# EXERCISE DESCRIPTION:
No pictures belong in the result; set down exactly the lines from the one containing "2017 TOYOTA TACOMA" through the final line of the listing, and nothing more.

# PROVIDED MATERIAL:
───

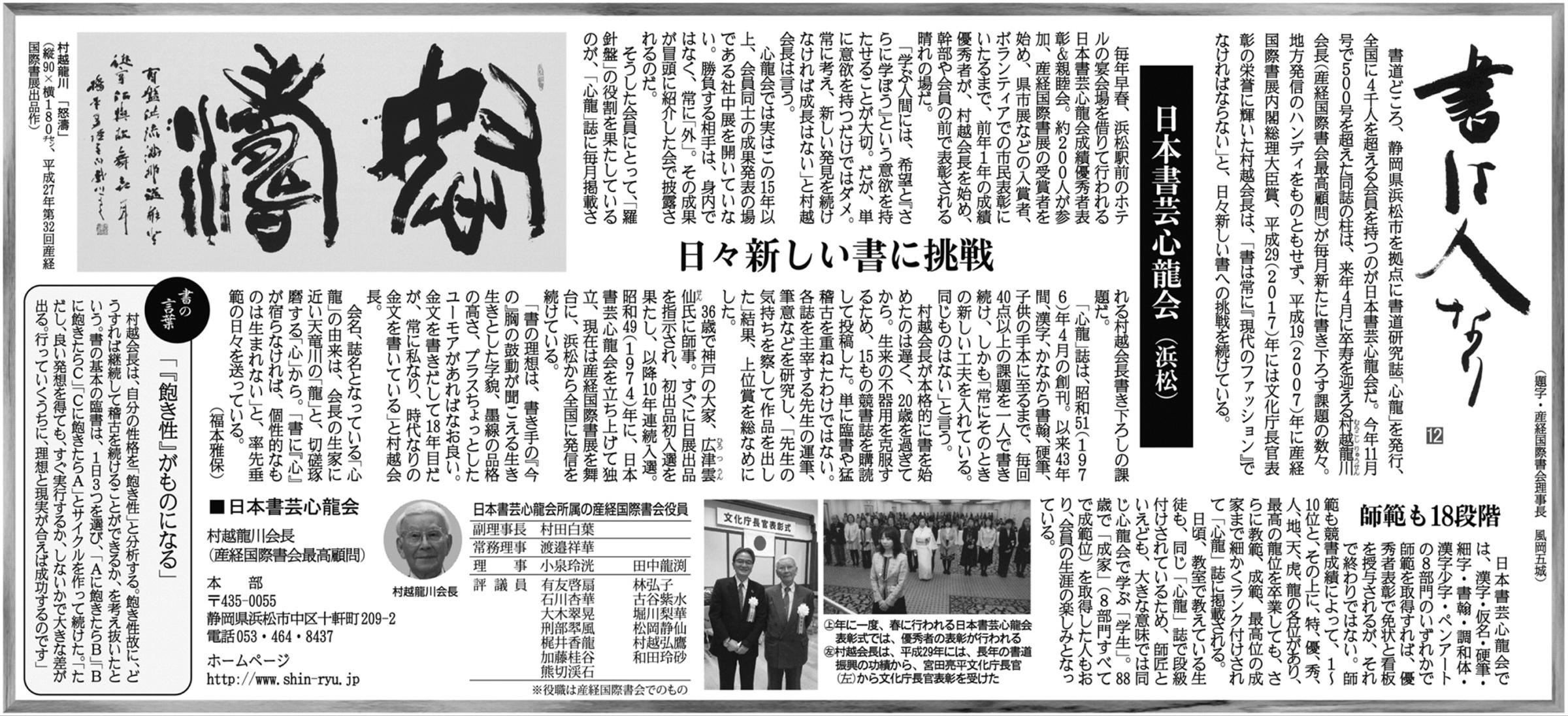 日本書芸心龍会 (産経新聞東京朝刊 2018/12/30)
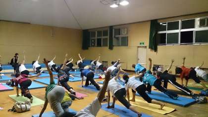 老若男女(?)問わず、楽しく体を動かしました。ヨガのさまざまなポーズを通じて、精神を鍛練していくとか。ふだん使っていない筋肉をプルプルいわせながら、ポーズを決めました。親子参加、大歓迎です。中学生もぜひご参加を。参加ご希望の方は、配布文書一覧にあるヨガ場申込用紙を提出の上、ご参加ください。
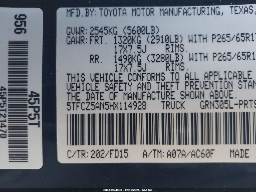 2017 TOYOTA TACOMA - 5TFCZ5AN5HX114928, цвет - Черный, 3.5, Бензин, Полный привод из США
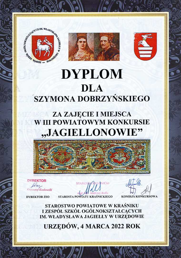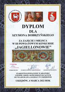 Uczeń klasy 8 – Szymon Dobrzyński zajął I miejsce w III Powiatowym Konkursie Historycznym „Jagiellonowie”, zorganizowanym w Zespole Szkół Ogólnokształcących im. Władysława Jagiełły w Urzędowie.

───

# EXERCISE SOLUTION:
 2017 TOYOTA TACOMA - 5TFCZ5AN5HX114928, цвет - Черный, 3.5, Бензин, Полный привод из США
 Uczeń klasy 8 – Szymon Dobrzyński zajął I miejsce w III Powiatowym Konkursie Historycznym „Jagiellonowie”, zorganizowanym w Zespole Szkół Ogólnokształcących im. Władysława Jagiełły w Urzędowie.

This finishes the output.